Research about the medical benefits of cannabis isn’t starting at ground zero, however. In his booklet Emerging Clinical Applications for Cannabis and Cannabinoids—A Review of the Recent Scientific Literature, Paul Armentano, NORML Deputy Director, has compiled scientific literature from 2000 to 2013. In the booklet’s introduction, Armentano states, “To date there are over 20,000 published studies or reviews in the scientific literature referencing the cannabis plant and its cannabinoids, nearly half of which were published within the last five years according to a keyword search on the search engine PubMed Central, the US government repository for per-reviewed scientific research.”

The booklet, available online at the NORML website, focuses on 20 clinical indications chosen because patients frequently inquire about the therapeutic use of cannabis to treat these disorders and is designed as a primer for patients considering the use of cannabis and for physicians looking to recommend medical cannabis.

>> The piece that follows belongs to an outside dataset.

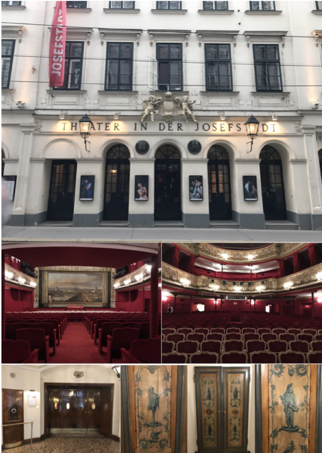
Theater in der Josefstadt (de arriba abajo e izqda. a drcha.): Fachada, escenario, aforo (620 personas sentadas), vestíbulo detalle de puertas interiores pintadas.

As a side, but related, note: Did you know that the U.S. Government holds a patent for cannabinoids as antioxidants and neuroprotectants? There’s so much more to learn about cannabis and the science of cannabis. Interested? Consider enrolling in an upcoming Oaksterdam University Cannabusiness Seminar in Las Vegas (June 12-15) or Washington, D.C. (June 27-28), or one of our summer seminars in Oakland.

1 Drug Enforcement Administration definition of Schedule 1 Drugs are “…drugs with no currently accepted medical use and a high potential for abuse. Schedule I drugs are the most dangerous drugs of all the drug schedules with potentially severe psychological or physical dependence.” Cannabis is included in the same group of drugs as heroin, LSD, ecstasy, methaqualone and peyote.